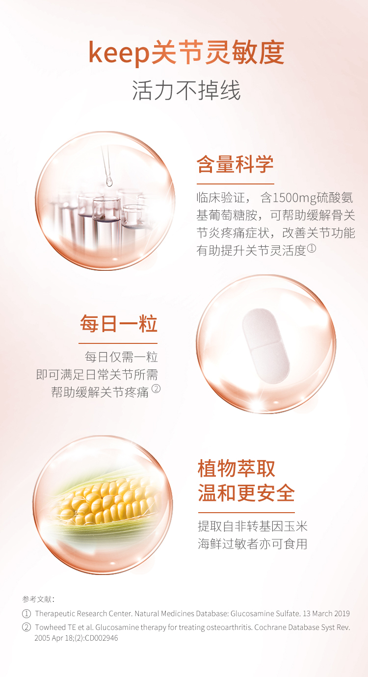 · 葡萄糖胺浓度高,剂量经临床验证。 2-4个星期可以见到效果。
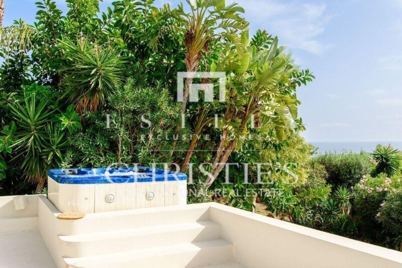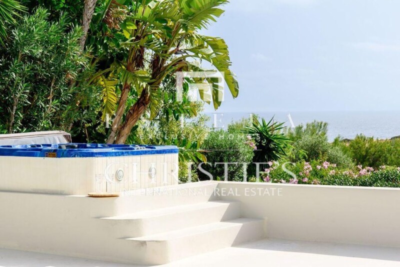 Estela Exclusive Homes is proud to present you this unique and exclusive mansion, located on the best location of Cap Martinet, which is by far the most high-end areas of the island. This luxury residential sits on a front-line 3.693m2 plot and enjoys unobstructed sea views over the Mediterranean Sea and Formentera. This magnificent property offers unlimited possibilities for entertainment, especially for large groups, which makes it ideal for big families, hosting retreats or simply enjoy the number of possibilities and comfort you could wish for. Counting a total of 15 en-suite bedrooms, of which 5 bedrooms are located the main house and the multiple guestrooms divided around the property. This luxury residential adopts a contemporary Ibiza stye with open and spacious areas, that gives you the feeling like you are in a mini resort. Surrounded by nature, large tropical garden with palm trees, 8x5m2 infinity pool with waterfall, a private nightclub Unique opportunity in Ibiza. SPECS: Bedrooms 15 Bathrooms 13 Specifications 3.693 m² land – 714 m² built 15 rooms up to 30 guests with private bathrooms and climate-control 10 rooms with 2 single beds 5 rooms with double beds, 13 bathrooms. LOCATION: Located in a triple A location, the best location on the island in a very quite and isolated area of Cap Martinet, on the south-east of this island. The property sits on a 3.000m2 plot, front-line with breathtaking sea views from the garden and pool side, all the way to the famous island of Formentera. South orientated, sun all day long. Surrounded by nature, stone cliffs with a nearby hiking path and 2 semi-private bays on walking distance from the house. Nearby areas such as Talamanca beach on a walking distance, as well as the village of Jesus with supermarkets, very good restaurants, 5min away from Ibiza town, Marina Botafoch, HOUSE: Entering the house you see the large living room with fire place and have direct views to the pool and over sea. Amazing Ibiza style kitchen with professional equipment, including a teppanyaki plate, perfect to cater big groups. The spacious and stylish interior are combined with beautiful materials and natural stones for a real Ibiza feeling. The house counts a total of 15 bedrooms with en-suite bathrooms ,of which 5 are connected in the main house, including a 41m2 master bedroom on the first floor with the best sea views and another suite on the first floor of 26m2. Outside you find the large pool of 8 by 5-meter with waterfall feature, outdoor bar, jacuzzi and sauna. Under the pool there is a underground nightclub that fits up to 70 people, including DJ-booth and bar. GARDEN AREA: Amazing full grown exotic garden with large palm trees, a lot of greenery, stunning sea views and many cozy lounge areas and cabanas. Including a 11 by 7 meters yoga platform, complete outdoor kitchen with BBQ area and large table that fit 30 people. SPECS: - Jacuzzi - Sauna - pool with jet-stream - waterfall - pool-bar - cabañas - outdoor kitchen - Meditation / yoga area - outdoor gym - barbecue area - lounge areas throughout the garden - all rooms air conditioned - music system - security office - 2 private parkings - fireplace.
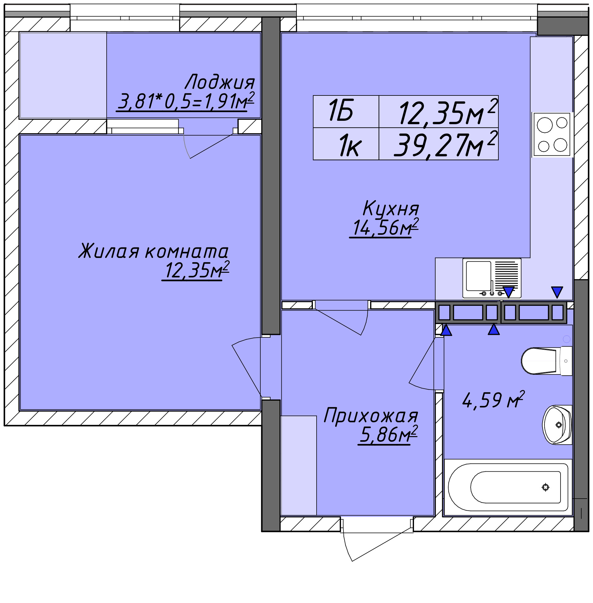 Общая площадь 39.27 м2
------
• TASK ITEM: From the first line to the last, retype the data exactly, without images.

• RESPONSE BOX:
 · 葡萄糖胺浓度高,剂量经临床验证。 2-4个星期可以见到效果。
 Estela Exclusive Homes is proud to present you this unique and exclusive mansion, located on the best location of Cap Martinet, which is by far the most high-end areas of the island. This luxury residential sits on a front-line 3.693m2 plot and enjoys unobstructed sea views over the Mediterranean Sea and Formentera. This magnificent property offers unlimited possibilities for entertainment, especially for large groups, which makes it ideal for big families, hosting retreats or simply enjoy the number of possibilities and comfort you could wish for. Counting a total of 15 en-suite bedrooms, of which 5 bedrooms are located the main house and the multiple guestrooms divided around the property. This luxury residential adopts a contemporary Ibiza stye with open and spacious areas, that gives you the feeling like you are in a mini resort. Surrounded by nature, large tropical garden with palm trees, 8x5m2 infinity pool with waterfall, a private nightclub Unique opportunity in Ibiza. SPECS: Bedrooms 15 Bathrooms 13 Specifications 3.693 m² land – 714 m² built 15 rooms up to 30 guests with private bathrooms and climate-control 10 rooms with 2 single beds 5 rooms with double beds, 13 bathrooms. LOCATION: Located in a triple A location, the best location on the island in a very quite and isolated area of Cap Martinet, on the south-east of this island. The property sits on a 3.000m2 plot, front-line with breathtaking sea views from the garden and pool side, all the way to the famous island of Formentera. South orientated, sun all day long. Surrounded by nature, stone cliffs with a nearby hiking path and 2 semi-private bays on walking distance from the house. Nearby areas such as Talamanca beach on a walking distance, as well as the village of Jesus with supermarkets, very good restaurants, 5min away from Ibiza town, Marina Botafoch, HOUSE: Entering the house you see the large living room with fire place and have direct views to the pool and over sea. Amazing Ibiza style kitchen with professional equipment, including a teppanyaki plate, perfect to cater big groups. The spacious and stylish interior are combined with beautiful materials and natural stones for a real Ibiza feeling. The house counts a total of 15 bedrooms with en-suite bathrooms ,of which 5 are connected in the main house, including a 41m2 master bedroom on the first floor with the best sea views and another suite on the first floor of 26m2. Outside you find the large pool of 8 by 5-meter with waterfall feature, outdoor bar, jacuzzi and sauna. Under the pool there is a underground nightclub that fits up to 70 people, including DJ-booth and bar. GARDEN AREA: Amazing full grown exotic garden with large palm trees, a lot of greenery, stunning sea views and many cozy lounge areas and cabanas. Including a 11 by 7 meters yoga platform, complete outdoor kitchen with BBQ area and large table that fit 30 people. SPECS: - Jacuzzi - Sauna - pool with jet-stream - waterfall - pool-bar - cabañas - outdoor kitchen - Meditation / yoga area - outdoor gym - barbecue area - lounge areas throughout the garden - all rooms air conditioned - music system - security office - 2 private parkings - fireplace.
 Общая площадь 39.27 м2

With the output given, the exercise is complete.